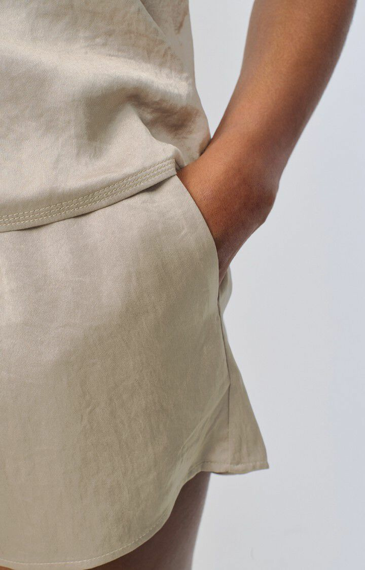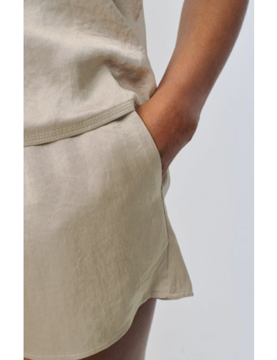 Confectionné en 100% acétate, ce short offre une texture légère et soyeuse qui épouse parfaitement la silhouette. Son design minimaliste s’adapte aussi bien à une tenue casual qu’à un look plus sophistiqué, pour une polyvalence sans compromis. Facile à porter, il devient rapidement un incontournable de votre garde-robe estivale.
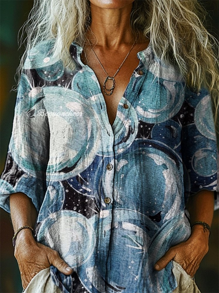 Women's Bubble Pattern Art Print Linen Cotton Casual Shirt
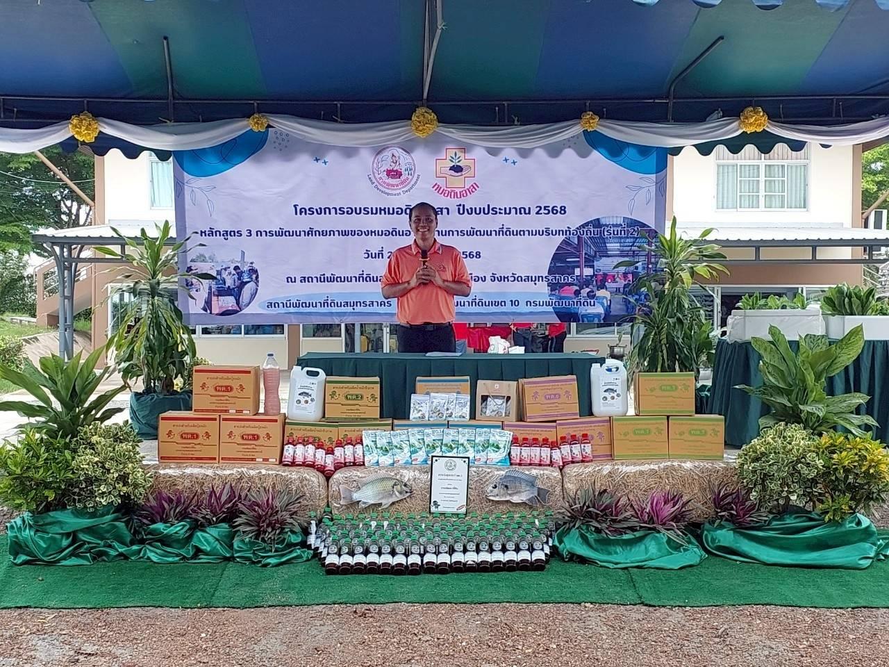 วันที่ 27 พฤษภาคม 2568 เวลา 9.30 น. สถานีพัฒนาที่ดินสมุทรสาคร ได้จัดอบรมหมอดินอาสา หลักสูตร 3 การพัฒนาศักยภาพหมอดินอาสาด้านการเกษตรตามบริบทท้องถิ่น (รุ่นที่2) โดยมีนายธนัชกฤต กลิ่นหวล ผอ.สพด.สมุทรสาคร ได้กล่าวเปิดงานและวัตถุประสงค์ในฝึกอบรม ซึ่งในการอบรมได้มีการสาธิตและแลกเปลี่ยนเรียนรู้ เกี่ยวกับการควบคุมศัตรูพืชในมะพร้าว, การทำเกษตรเขตเมือง ,การใช้ พด.15 แบคทีเรียสังเคราะห์แสง ส่งเสริมการเจริญเติบโตของพืช และการผลิตน้ำหมักชีวภาพสูตรปลาหมอคางดำ จากสารเร่งซุปเปอร์ พด.2 โดยมีหมอดินอาสาประจำจังหวัด หมอดินอาสาประจำอำเภอ หมอดินอาสาประจำตำบล และหมอดินอาสาประจำหมู่บ้าน เข้าร่วมการอบรมรวม 80 คน

[What to produce]: Would you set down each line of the listing above exactly, apart from the pictures?

[Response]:
 Confectionné en 100% acétate, ce short offre une texture légère et soyeuse qui épouse parfaitement la silhouette. Son design minimaliste s’adapte aussi bien à une tenue casual qu’à un look plus sophistiqué, pour une polyvalence sans compromis. Facile à porter, il devient rapidement un incontournable de votre garde-robe estivale.
 Women's Bubble Pattern Art Print Linen Cotton Casual Shirt
 วันที่ 27 พฤษภาคม 2568 เวลา 9.30 น. สถานีพัฒนาที่ดินสมุทรสาคร ได้จัดอบรมหมอดินอาสา หลักสูตร 3 การพัฒนาศักยภาพหมอดินอาสาด้านการเกษตรตามบริบทท้องถิ่น (รุ่นที่2) โดยมีนายธนัชกฤต กลิ่นหวล ผอ.สพด.สมุทรสาคร ได้กล่าวเปิดงานและวัตถุประสงค์ในฝึกอบรม ซึ่งในการอบรมได้มีการสาธิตและแลกเปลี่ยนเรียนรู้ เกี่ยวกับการควบคุมศัตรูพืชในมะพร้าว, การทำเกษตรเขตเมือง ,การใช้ พด.15 แบคทีเรียสังเคราะห์แสง ส่งเสริมการเจริญเติบโตของพืช และการผลิตน้ำหมักชีวภาพสูตรปลาหมอคางดำ จากสารเร่งซุปเปอร์ พด.2 โดยมีหมอดินอาสาประจำจังหวัด หมอดินอาสาประจำอำเภอ หมอดินอาสาประจำตำบล และหมอดินอาสาประจำหมู่บ้าน เข้าร่วมการอบรมรวม 80 คน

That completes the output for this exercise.